Na bolsa, Simone sempre carrega um papel com seu cadastro na Cohab, companhia de habitação social da prefeitura. Ele foi feito em outubro de 2012, quando ela já estava na rua, mas até agora ela não teve resposta se conseguirá ou não uma moradia social para viver. Hoje, vive sozinha e tem pouquíssimo contato com os irmãos.
“É o que eu mais espero para o ano que vem: uma casa, um lugar onde eu possa ficar tranquila, porque a rua e essa cidade são uma grande produção de indigentes. E eu não quero isso”, diz.
‘Na rua te acolhem melhor’
Já na praça do Patriarca, um conjunto de decoração natalina foi montado ao lado de dezenas de barracas de moradores de rua, que dormem embaixo de uma marquise desenhada pelo renomado arquiteto Paulo Mendes da Rocha. As bonecas de pano e árvores com bolinhas coloridas — todas cercadas por grades para que não haja depredação — fazem parte do “Festival de Natal” da prefeitura, cujo tema é “Um sonho de cidade”.
Em uma das barracas vive Samara Lohanny, de 27 anos, uma mulher trans que parou ali há um mês. De Maceió, ela chegou em São Paulo há dois anos. “Eu apanhava muito do meu irmão e de um tio, que não aceitava eu ser trans”, conta.
Uma amiga a convenceu a se mudar para São Paulo, com a promessa de um emprego em uma casa de prostituição no bairro da Liberdade. “Foi um inferno. A cafetina me explorava muito. Eu tinha que pagar uma taxa para ela e, com o tempo, tudo o que eu ganhava era usado para pagar essa dívida. Tive que sair”, conta.

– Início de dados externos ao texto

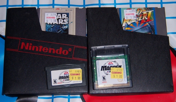 Star Wars and Rad Racer II for NES, Madden 2003 for GBA, Madden 2002 for Game Boy Color ($10)
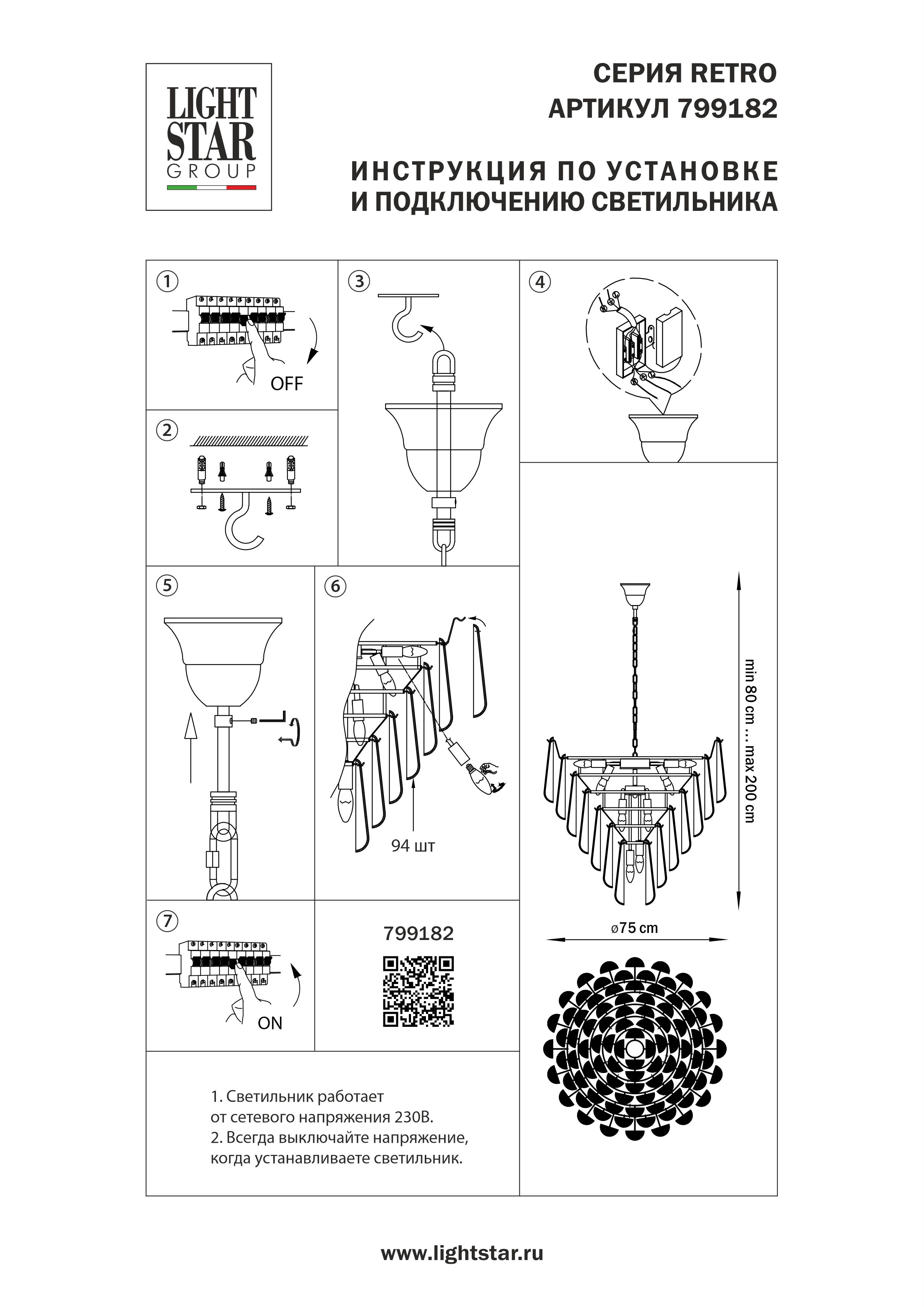 Подвесная люстра Lightstar Retro II 799182 в Ялте

Nos últimos anos, Samara participou de um programa da prefeitura para pessoas trans. Conseguiu se formar no ensino médio e, com auxílio financeiro, alugou um quartinho no centro. Mas o dinheiro acabou: sem oportunidade de trabalho, foi para a rua, conta.
“É impressionante como as pessoas que vivem na rua às vezes te acolhem melhor do que sua própria família. Não é fácil ser trans, não sou um monstro. Mas nunca perco a fé. Sou católica, estou sempre com Deus. No ano que vem espero sair daqui, ter um canto pra ficar com meu marido. Por pior que seja a pessoa, ninguém merece viver na rua”, diz.